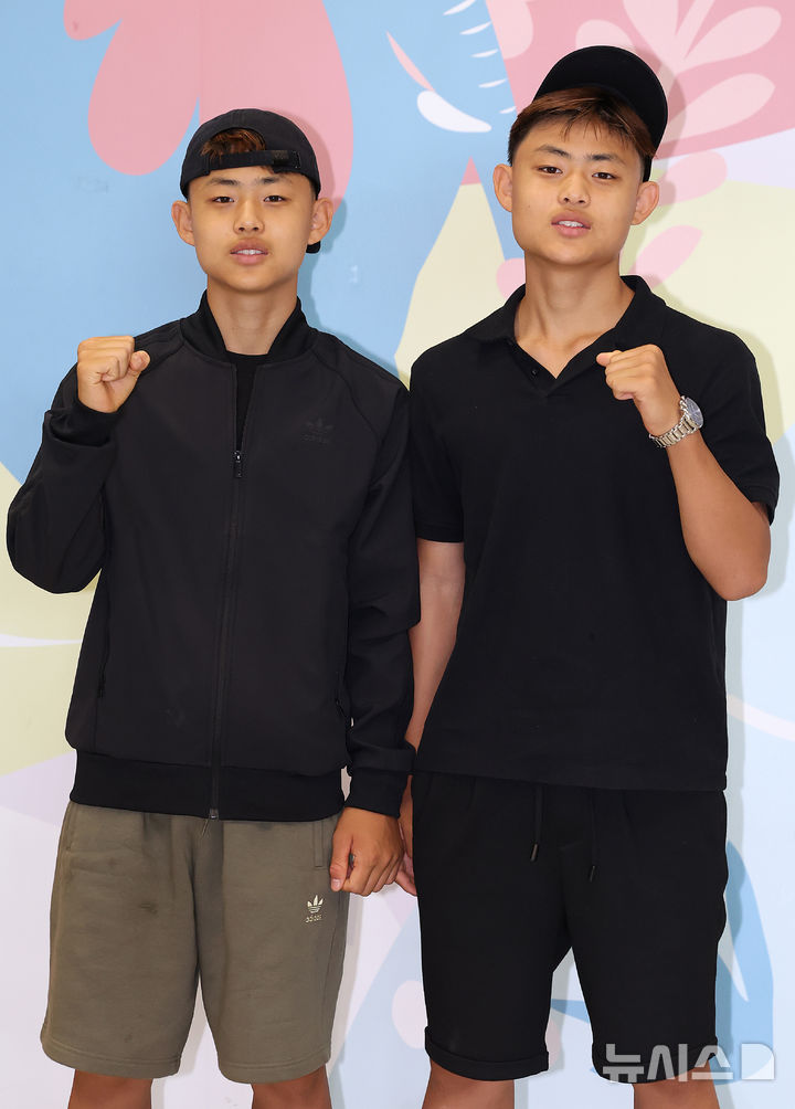 [인천공항=뉴시스] 이영환 기자 = FC 바르셀로나 유스팀에 입단한 쌍둥이 형제 이대한(왼쪽), 이민국이 지난 27일 오후 인천국제공항 제1여객터미널을 통해 귀국해 뉴시스와 인터뷰를 마친후 포즈를 취하고 있다. 2025.06.28. [email protected]
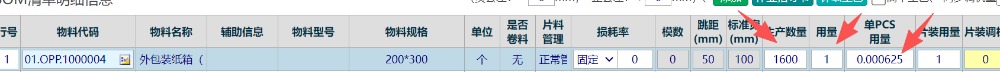 进入界面后,勾上表头右上角的“显示项设置”,将生产/用量按钮勾上,点击重新加载。 加载后,对应非卷料栏位填上数值即可,例如纸箱用量,1600个成品用一个纸箱,填写内容如下
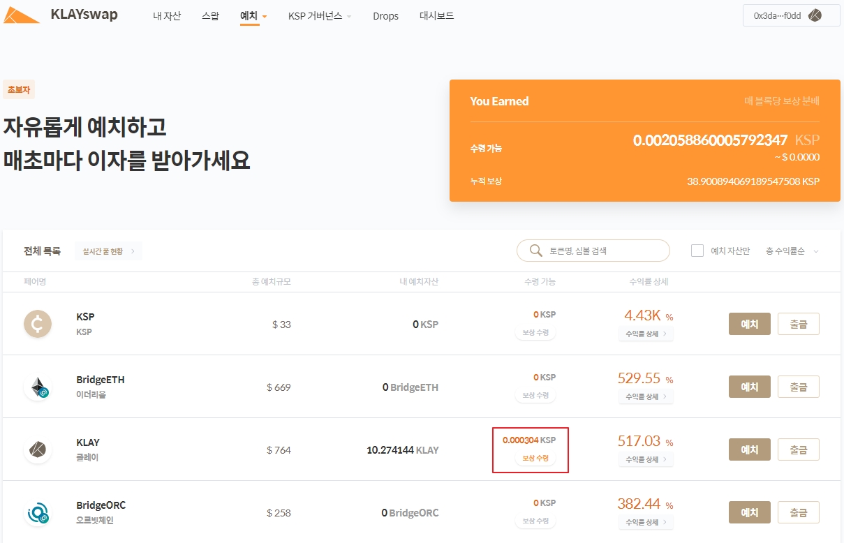 6. 출금이 완료되면 지갑에서 출금한 자산을 확인할 수 있습니다. 예치/출금으로 잔액 변동 시 현재까지 분배된 KSP 보상이 자동으로 유저 지갑으로 수령됩니다. 출금과 별도로 KSP 보상은 언제든지 [보상수령] 버튼을 클릭해서 수령할 수 있습니다.
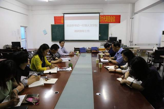 李书记一行首先仔细查阅了人文学院有关基层党建材料,并认真听取了人文学院各基层党支部的汇报和建议。
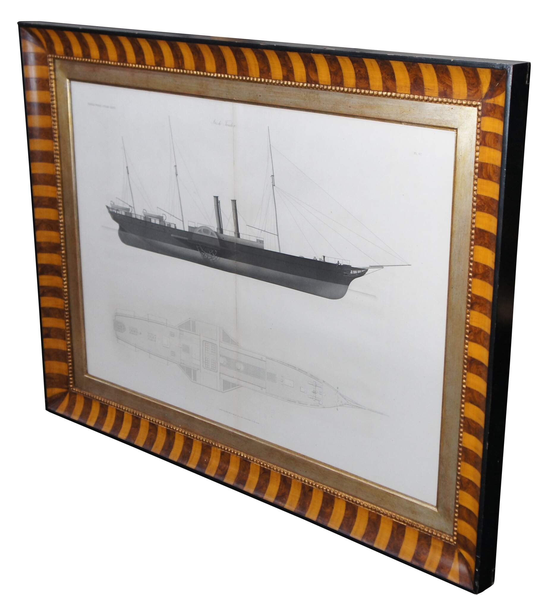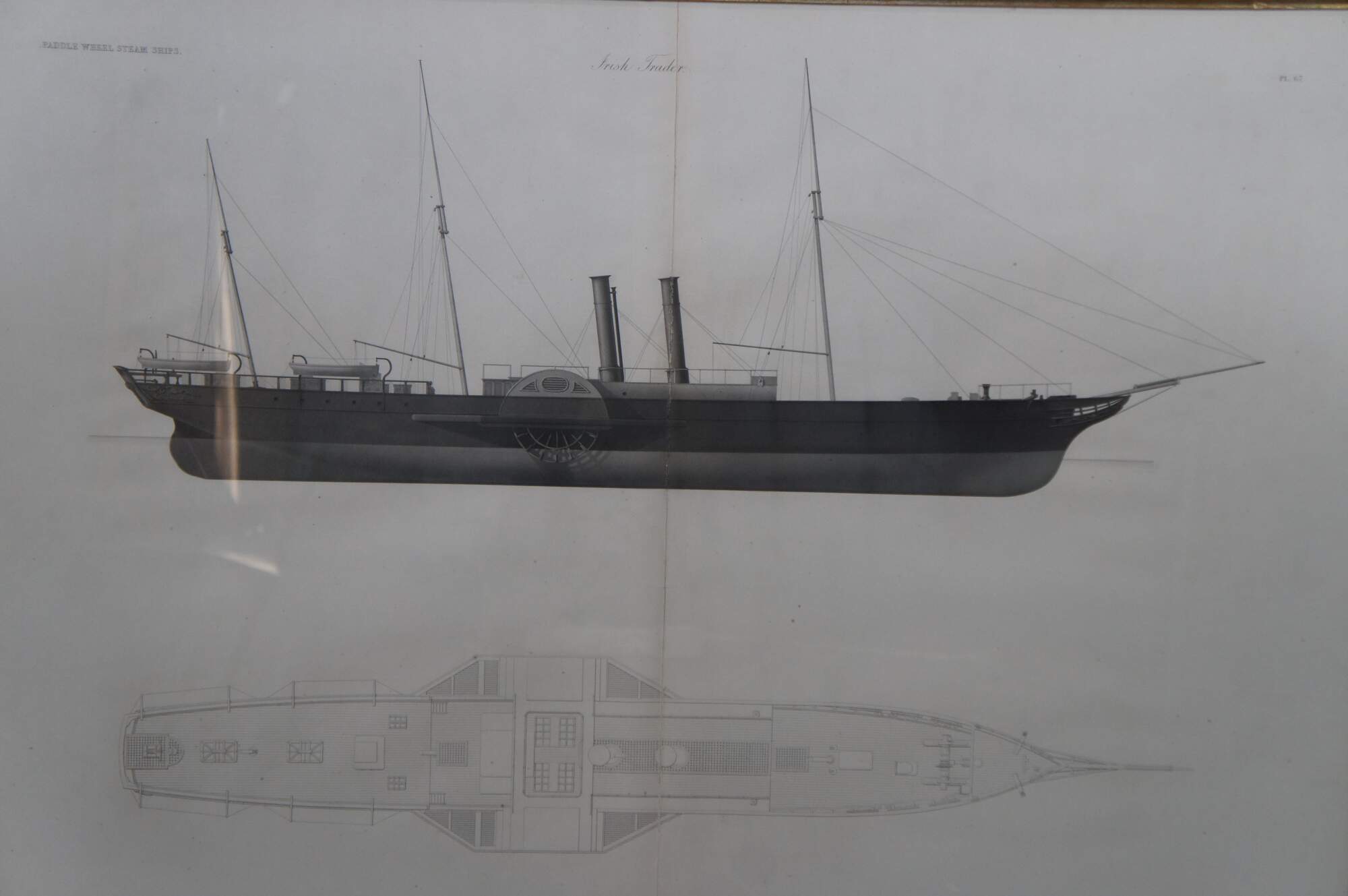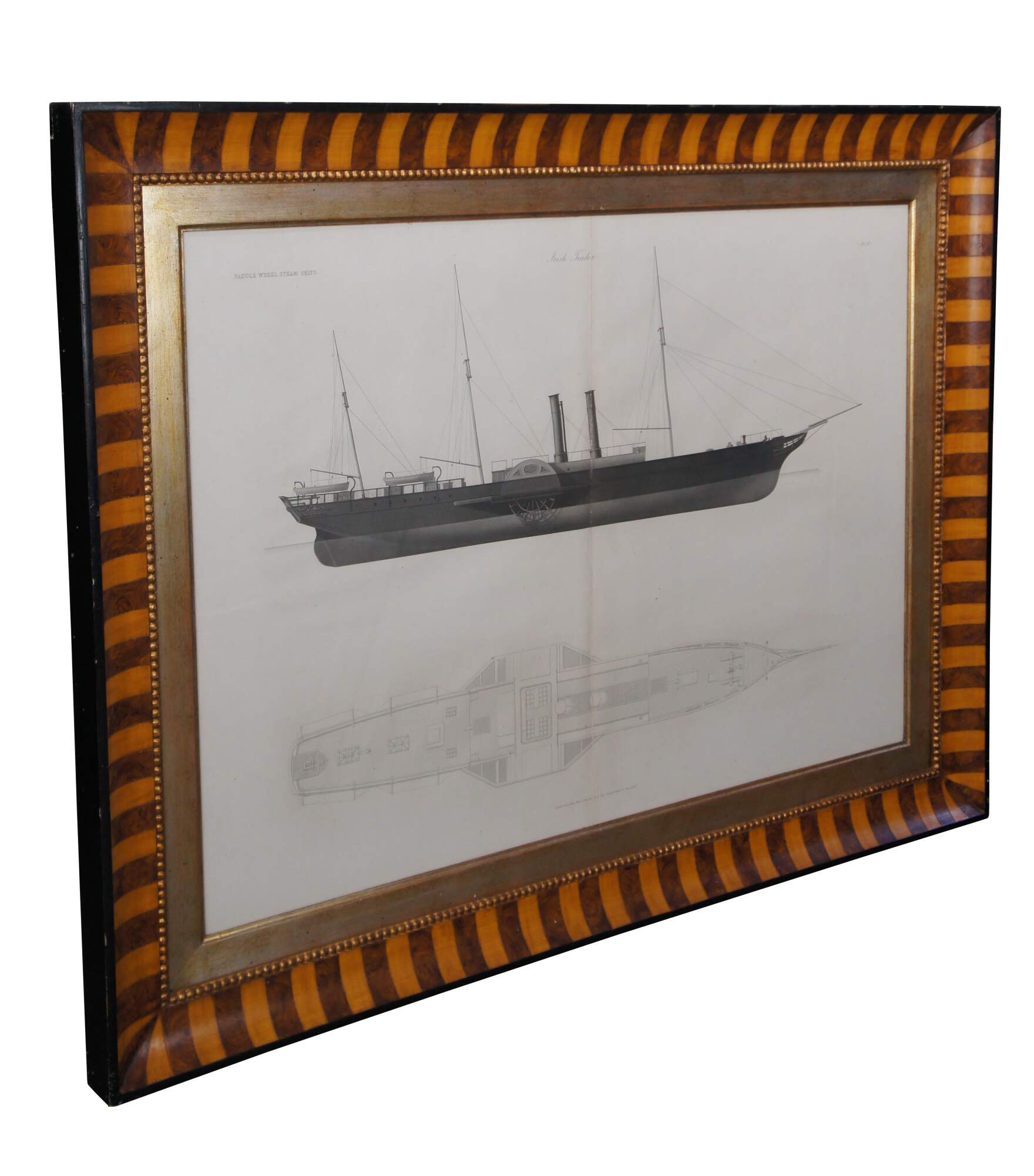 John Scott Russell, Paddle Wheel Steam Ships – Irish Trader. A nautical maritime engraving on paper showcasing the blue print of a Freight Trader. Exquistely framed with alternating burlwood. The Engraving is from 1864, plate 67 from John Scott Russell’s monumental work The Modern System of Naval Architecture, 3 volumes, London.
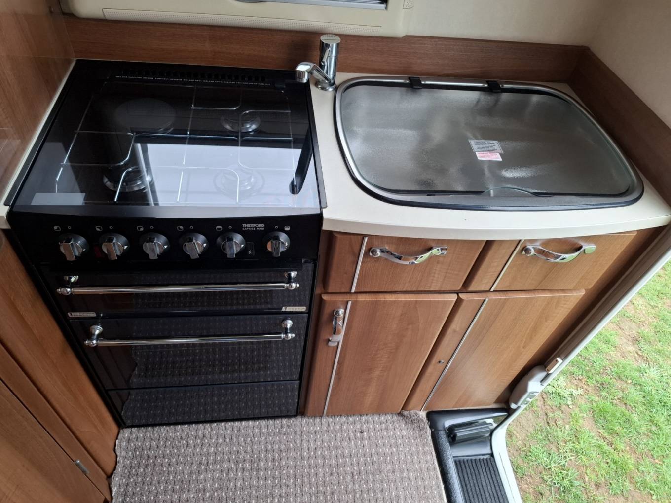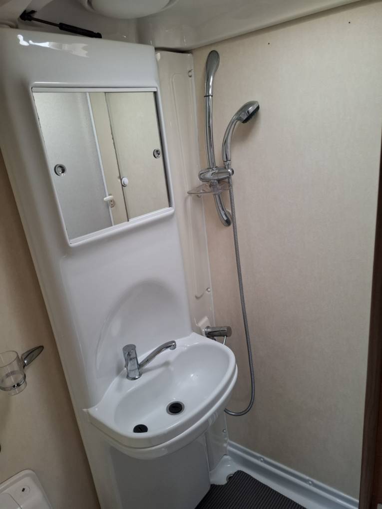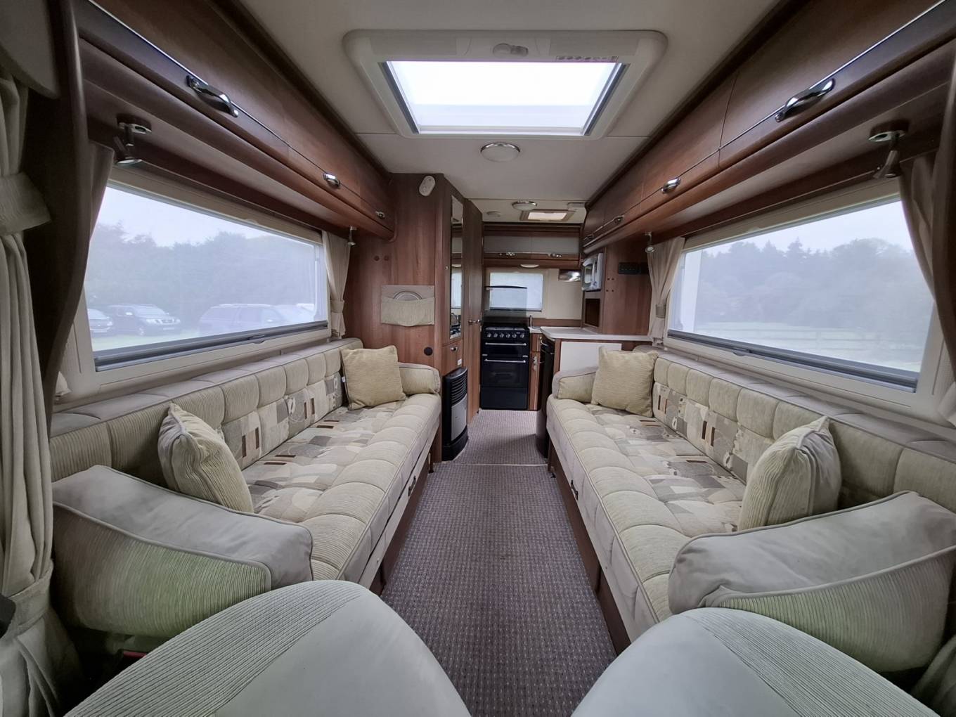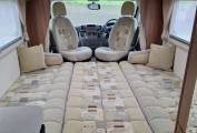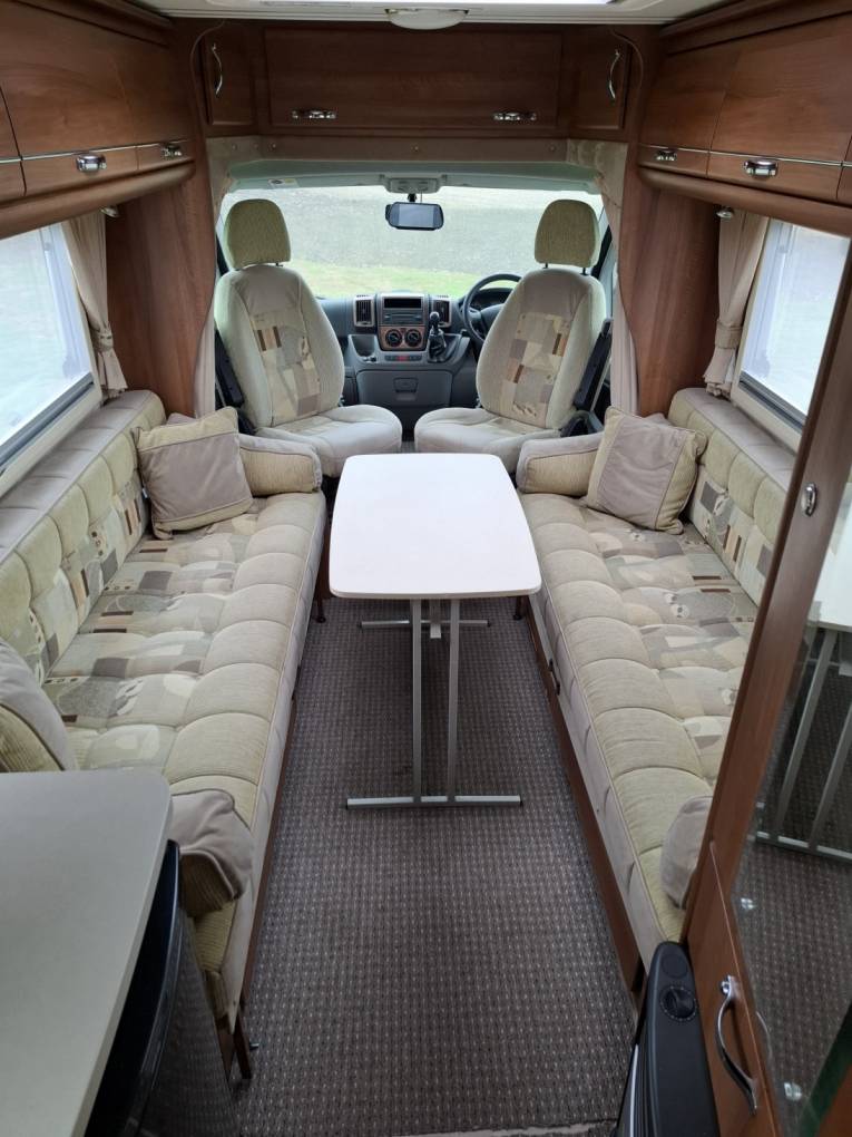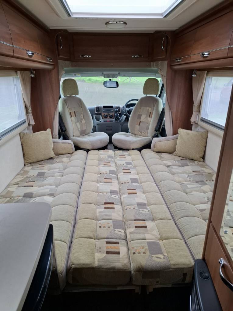 Behind the cab is a large leisure/dining area with opposing side sofas, that can be enhanced by the use of the swivel cab seats. The seating can be readily converted into either a large transverse double berth(210cm (L) x 194cm (W)), or used as two single berths (194cm (L) x 70cm (W)).
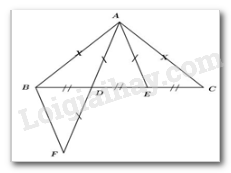 Trên tia đối của tia $DA$  lấy điểm $F$  sao cho \(AD = DF\).

###

» Assigned task
Please produce an exact copy of all the material, leaving out the pictures.

» Output
 [인천공항=뉴시스] 이영환 기자 = FC 바르셀로나 유스팀에 입단한 쌍둥이 형제 이대한(왼쪽), 이민국이 지난 27일 오후 인천국제공항 제1여객터미널을 통해 귀국해 뉴시스와 인터뷰를 마친후 포즈를 취하고 있다. 2025.06.28. [email protected]
 进入界面后,勾上表头右上角的“显示项设置”,将生产/用量按钮勾上,点击重新加载。 加载后,对应非卷料栏位填上数值即可,例如纸箱用量,1600个成品用一个纸箱,填写内容如下
 6. 출금이 완료되면 지갑에서 출금한 자산을 확인할 수 있습니다. 예치/출금으로 잔액 변동 시 현재까지 분배된 KSP 보상이 자동으로 유저 지갑으로 수령됩니다. 출금과 별도로 KSP 보상은 언제든지 [보상수령] 버튼을 클릭해서 수령할 수 있습니다.
 李书记一行首先仔细查阅了人文学院有关基层党建材料,并认真听取了人文学院各基层党支部的汇报和建议。
 John Scott Russell, Paddle Wheel Steam Ships – Irish Trader. A nautical maritime engraving on paper showcasing the blue print of a Freight Trader. Exquistely framed with alternating burlwood. The Engraving is from 1864, plate 67 from John Scott Russell’s monumental work The Modern System of Naval Architecture, 3 volumes, London.
 Behind the cab is a large leisure/dining area with opposing side sofas, that can be enhanced by the use of the swivel cab seats. The seating can be readily converted into either a large transverse double berth(210cm (L) x 194cm (W)), or used as two single berths (194cm (L) x 70cm (W)).
 Trên tia đối của tia $DA$  lấy điểm $F$  sao cho \(AD = DF\).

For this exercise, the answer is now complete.